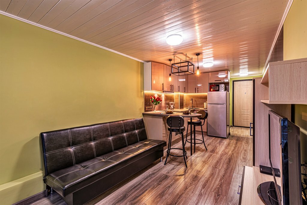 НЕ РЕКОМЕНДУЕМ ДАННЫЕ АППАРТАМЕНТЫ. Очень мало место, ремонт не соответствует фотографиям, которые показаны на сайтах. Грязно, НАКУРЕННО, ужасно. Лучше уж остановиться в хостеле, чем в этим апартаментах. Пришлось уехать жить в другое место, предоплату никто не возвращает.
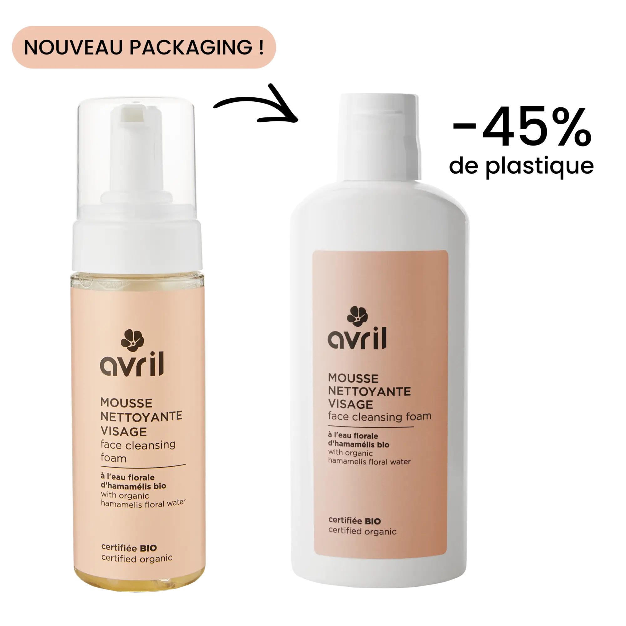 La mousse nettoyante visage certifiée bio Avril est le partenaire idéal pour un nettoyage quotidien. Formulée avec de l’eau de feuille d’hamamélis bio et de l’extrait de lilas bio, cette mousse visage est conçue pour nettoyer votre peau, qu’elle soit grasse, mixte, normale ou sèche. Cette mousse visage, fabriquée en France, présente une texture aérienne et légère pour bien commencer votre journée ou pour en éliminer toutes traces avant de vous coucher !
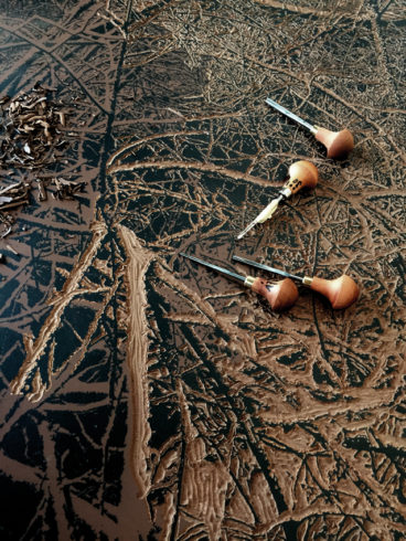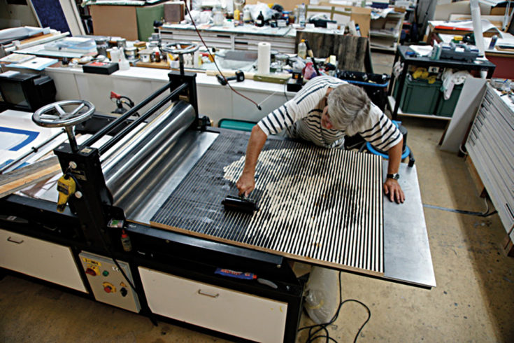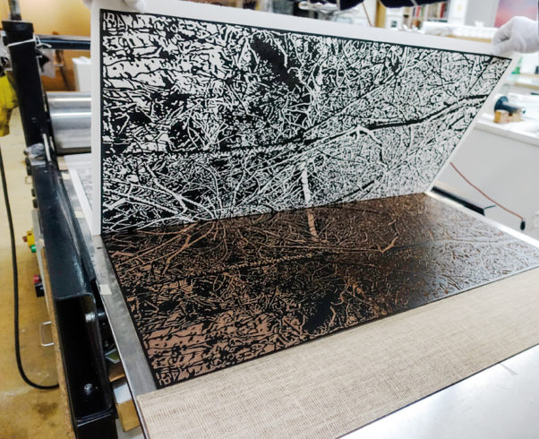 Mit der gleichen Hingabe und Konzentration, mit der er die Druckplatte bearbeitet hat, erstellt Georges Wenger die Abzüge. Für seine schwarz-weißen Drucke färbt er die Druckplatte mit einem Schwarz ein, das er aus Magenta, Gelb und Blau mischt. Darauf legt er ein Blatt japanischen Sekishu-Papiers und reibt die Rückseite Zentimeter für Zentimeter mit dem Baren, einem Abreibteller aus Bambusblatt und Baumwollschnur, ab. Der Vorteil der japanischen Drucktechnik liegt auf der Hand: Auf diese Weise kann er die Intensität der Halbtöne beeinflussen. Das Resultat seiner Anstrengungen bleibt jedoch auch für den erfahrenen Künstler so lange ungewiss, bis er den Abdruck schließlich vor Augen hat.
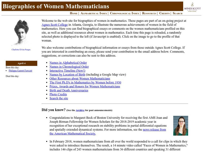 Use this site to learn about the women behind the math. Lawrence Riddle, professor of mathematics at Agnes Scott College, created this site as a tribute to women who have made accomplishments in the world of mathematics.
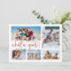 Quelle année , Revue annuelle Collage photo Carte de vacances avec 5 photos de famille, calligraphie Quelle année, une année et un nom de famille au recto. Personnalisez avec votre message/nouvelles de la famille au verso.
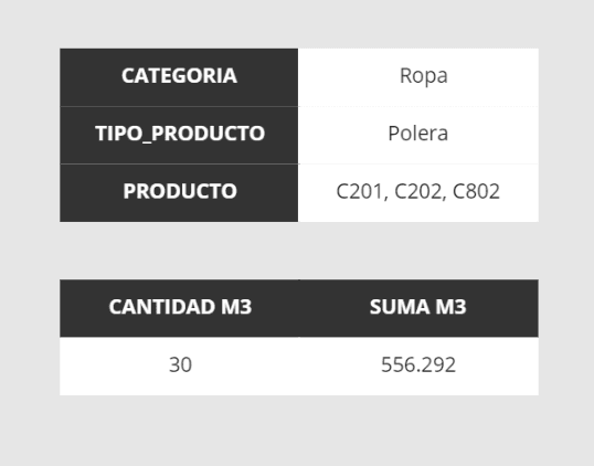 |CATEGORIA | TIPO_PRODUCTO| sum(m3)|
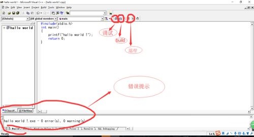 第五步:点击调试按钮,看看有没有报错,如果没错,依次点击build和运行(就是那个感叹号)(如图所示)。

--- Exercise description ---
Your copy should hold exactly and only the lines from the one containing "Quelle année , Revue" through the end of the material, inclusive, repeated word for word and without pictures.

--- Response area ---
 Quelle année , Revue annuelle Collage photo Carte de vacances avec 5 photos de famille, calligraphie Quelle année, une année et un nom de famille au recto. Personnalisez avec votre message/nouvelles de la famille au verso.
 |CATEGORIA | TIPO_PRODUCTO| sum(m3)|
 第五步:点击调试按钮,看看有没有报错,如果没错,依次点击build和运行(就是那个感叹号)(如图所示)。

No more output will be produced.